Pine Ridge Mall is a shopping center located in Chubbuck, Idaho, near Interstate 86. It originally opened as an enclosed shopping mall in 1981 and was developed by Price Development Corporation. The shopping center is owned by SimonCRE and the anchor tenants are C-A-L Ranch Stores, Gem Prep, Hobby Lobby and Planet Fitness.

==History==
Pine Ridge Mall opened in 1981 as an enclosed mall with The Bon Marché, JCPenney, and ZCMI as anchor stores. An expansion in the 1990s added Sears, which moved from the now-demolished Pocatello Mall, and Shopko.

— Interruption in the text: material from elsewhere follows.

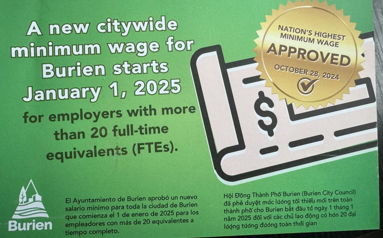 In October 2024, Burien’s council passed Ordinance 855 to grant workers a $4.50 increase over state minimum wage, but did so only for employers with 500 or more full-time employees in King County. The minimum wage at employers with between 20 and 499 full-time employees would increase by $3.50 over the state minimum, and employers with fewer than 20 full-time employees would be completely exempt.
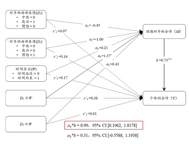 为了考察当事人的决策模式或信息加工方式是否会调节偶然性情绪信息的作用,在实验2和3中,分别采用指导语和时间压力操纵决策模式, 以反复考察何种决策模式下人们更容易受对手偶然性情绪信息的影响。两个实验一致表明,直觉决策模式下,偶然性情绪信息对对手合作预期及行为的影响更强、更大。具体而言,在实验2中, 在直觉决策模式下, 高兴和中性表情组的合作水平显著高于愤怒面部表情组的合作水平, 被试预期高兴和中性表情对手的合作水平显著高于愤怒面部表情对手的合作水平, 且仅在直觉决策模式条件下, 被试对对手合作行为的预期中介了愤怒表情(vs. 中性表情)对个体合作行为的作用。在实验3中, 在时间约束条件下, 高兴面部表情组的合作水平显著高于中性和愤怒面部表情组的合作水平, 被试预期高兴面部表情对手的合作水平显著高于中性和愤怒面部表情对手的合作水平, 且仅在时间约束条件下, 被试对对手合作的预期中介了高兴面部表情(vs. 中性表情)对个体合作行为的效应(参见图4、5、7、8)。

In 2001, Dillard's acquired four ZCMI stores, including the Pine Ridge Mall location. Dillard's closed in 2008 and was replaced by Herberger's in 2012.

In 2005, The Bon Marché was rebranded as Macy's and, in August 2006, was closed. The Macy's building was briefly occupied by Party Palace, before C-A-L Ranch Stores opened in the space in 2014.

In November 2013, General Growth Properties sold the mall to Farmer Holding Co. for $9.05 million. In August 2014, Sears announced that they will be closing their store in the mall in November 2014. A Hobby Lobby store was added to mall in September 2016. On January 31, 2018, The Bon-Ton announced that Herberger's would also be closing in April 2018 as part of a plan to close 42 stores nationwide. Planet Fitness opened in a portion of the vacant Herberger's store in January 2019. On January 17, 2019, it was announced that Gem Prep, a charter school, would be open the former Sears in summer 2019. On February 6, 2019, Shopko announced that it would be closing as part of a plan to close 251 stores nationwide. The store closed in May 2019. In 2022, C-A-L Ranch Stores will relocate from its current location in the mall to a portion of the Shopko building.

===Redevelopment===
In May 2024, the mall was sold to Scottsdale, Arizona-based SimonCRE and plans were announced to redevelop the mall from an enclosed shopping mall into an open-air retail center with Kohl's as a new anchor store.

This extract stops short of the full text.